The Kuwait Investment Office, located in London, AEGON Investment Management and Transamerica Funds filed their complaint in the U.S. District Court for the District of New Jersey Jan. 23. The KIO manages funds on behalf of the State of Kuwait.




 




The plaintiffs, which bought securities between 1999 and 2004, opted out of a class-action securities lawsuit certified by a judge in 2013.




 




They allege Merck, which is headquartered in New Jersey, defrauded them by hiding the cardiovascular risks associated with the drug.




 




Merck stopped selling Vioxx in September 2004. Evidence showed that the drug increased the risk of heart attack and stroke. Thousands of lawsuits were eventually filed across the U.S.




 




After a few cases were tried with mixed results, Merck agreed to pay $4.85 billion into a settlement fund for qualifying claims.




 




Soon after announcing it would stop selling the drug, Merck’s stock price collapsed.

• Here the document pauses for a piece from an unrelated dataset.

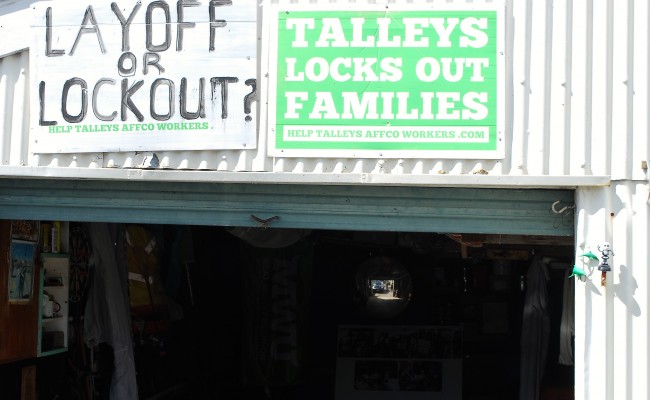 Published 1 June 201813 July 2018 · Reflection / Labour rights / Activism If we don’t make this stand, who will? Ross Webb Pete Amato didn’t plan on being a meatworker. He left home after school and went straight to Auckland to study fine arts. After art school, he stayed in Auckland, working as a bartender. He was doing well for himself, making decent money. But he was drawn back home. Home was Wairoa, a small town located in Hawke’s Bay, halfway between Gisborne and Napier with a population of about 4,000. It is a predominantly Maori town. On the south side of the Wairoa River, which cuts through the town, is a line of shops and cafes dotted along Marine Parade. On the North bank, a rugby field and the AFFCO meat plant. This large factory, the main employer, dictates the rhythms of the town; money flushes into the town during the season and then drains out as families rely on savings to get them through the off-season. At the age of twenty-four, Amato got a job at the meat plant, in the beef house. ‘I came back and was happier,’ he tells me. ‘You can’t beat home. This is where I wanted to settle. And part of that was becoming a meatworker.’ The work was hard, fast and, by its nature, brutal and stomach churning. It was also, at times, incredibly dangerous. Sharp knives, noise, heat and steam, and massive and, at times, unpredictable animals. ‘One gets out, it’ll kill you,’ Amato explained. Peter Amato (photo by Ross Webb) But within that environment, a workplace culture based on solidarity, whanaungatanga, mutual support, and humour was maintained. On his first day, the old hands, some of whom were his uncles, called him over in the canteen to sit with them. ‘They’d say: “come here, boy. Come sit here and have a feed with us.”’ Amato was looked after – though, in truth, everyone was at the meat works. ‘That’s why you became a meatworker,’ Amato said. ‘That’s why you didn’t mind being a meatworker. There’s a family environment there that no-one talks about.’ Amato, now an old-hand himself, passes this on to the next generation of meatworkers. Out in his garage at the back of the house, a road over from the meat plant, Amato started painting again for the first time in years. But he did so largely to deal with stress. For three months, he was without work, without income, without certainty. Locked out by his employer and unable to go back, unless he signed an Individual Employment Agreements (IEAs) and left his union. This was something Amato would never do. For much of provincial New Zealand, meat plants are an anchor in communities with few other employment options. Since 2010, however, AFFCO Wairoa has been at the centre of one of the most bitter and protracted industrial disputes in New Zealand’s recent history. The New Zealand Meatworkers Union and the company have been engaged in a dispute – including lockouts, strikes, and battles in the courts – that has spanned the entire country, has divided families and caused economic hardship in small towns across the country. But Wairoa has been hit the hardest. And it is here, in this small Hawke’s Bay town, that the debate about the future of New Zealand’s workplace relations policy really matters. Wairoa is a town deeply affected by the impacts of job insecurity and the legacy of an industrial dispute. Will the new government’s workplace legislation change that? Daphne Wharehinga was born and raised in Wairoa. ‘I loved it,’ she said. ‘We had the river. It was just a beautiful place to live. It’s easy going, people are awesome, the town is awesome and I have no desire to be anywhere else, but here.’ Wharehinga’s father was a meatworker. He signed her up to the meat works in 1994 and she has been there ever since. She worked alongside her partner, Loncey Crawford, who also spent much of his childhood in Wairoa. ‘I think there’s a misconception about Wairoa in the media,’ Crawford said. ‘It’s always portrayed as a gang town. But it’s not until you live here that you realise that that part of it doesn’t make this town … I had a brilliant childhood in Wairoa.’ Crawford didn’t plan on staying at the meat works for long: ‘I got the job as a holiday job. I ended up being on holiday for 20 years. I didn’t know why anyone would want to leave.’ It was at AFFCO Wairoa that Crawford and Wharehinga first met, in what was known as the ‘head room’, ‘splitting heads, taking brains out’. Crawford joked: ‘She met this amazing looking green-eyed Maori boy.’ Wharehinga added, ‘I walked into the room and thought, far, he’s pretty alright!’ Loncey Crawford and Daphne Wharehinga (photo by Ross Webb) Wharehinga and Crawford loved working at AFFCO over the next two decades. ‘Everyone was one’, Wharehinga said. ‘And it was just a really neat place and environment at that time … I always loved to get up and go to work. You’d see your friends, see your family, get the job done and go home.’ Crawford added, ‘It was great because of the understanding that everyone was the same. You weren’t going to get treated differently. We were all union, all of us under that umbrella were treated the same and we could get on with it.’ ‘If it was still like that I would never have left,’ Crawford added. Things started to change in Wairoa after 2010. This was triggered by a change in ownership at AFFCO. In 2001, the agribusiness giant Talley Group bought a 10 per cent stake in AFFCO meat company, increased that to a controlling stake in 2006 and acquired the remainder in 2010. Some commentators were enthusiastic about their arrival on the meat industry scene. Alan Barber, an agricultural journalist specialising in the meat industry, wrote that ‘AFFCO under Talley’s direction is the most determined to challenge the status quo and test the boundaries’. But for union organiser Roger Middlemass, their arrival was ‘like a cold front arriving

Its common stock fell more than $12.70 to close at $33 per share -- a 26 percent single-day decline that reduced the company’s market capitalization by more than $26 billion.




 




“As a result of Merck’s continual release of false and misleading information concerning the efficacy and safety of Vioxx, Merck’s investors were led to believe that Vioxx was a financial blockbuster and would enhance Merck’s business and financial performance for many years, while at the same time presenting minimal liability risks to the Company that would hinder its future financial performance,” the plaintiffs wrote in their complaint.




 




The KIO, AEGON and Transamerica contend they have suffered “millions of dollars” in damages in connection with their purchases of Merck securities at artificially inflated prices and the subsequent drop in stock price as the direct result of Merck’s “deliberate scheme” to “conceal, suppress and distort” material facts about Vioxx’s medical and commercial viability.




 




Merck could not immediately be reached for comment on the lawsuit.




 




New York City law firm Grant & Eisenhofer PA, New Jersey firm Saiber LLC and Miami firm Diaz Reus Rolff & Targ LLP are representing the plaintiffs.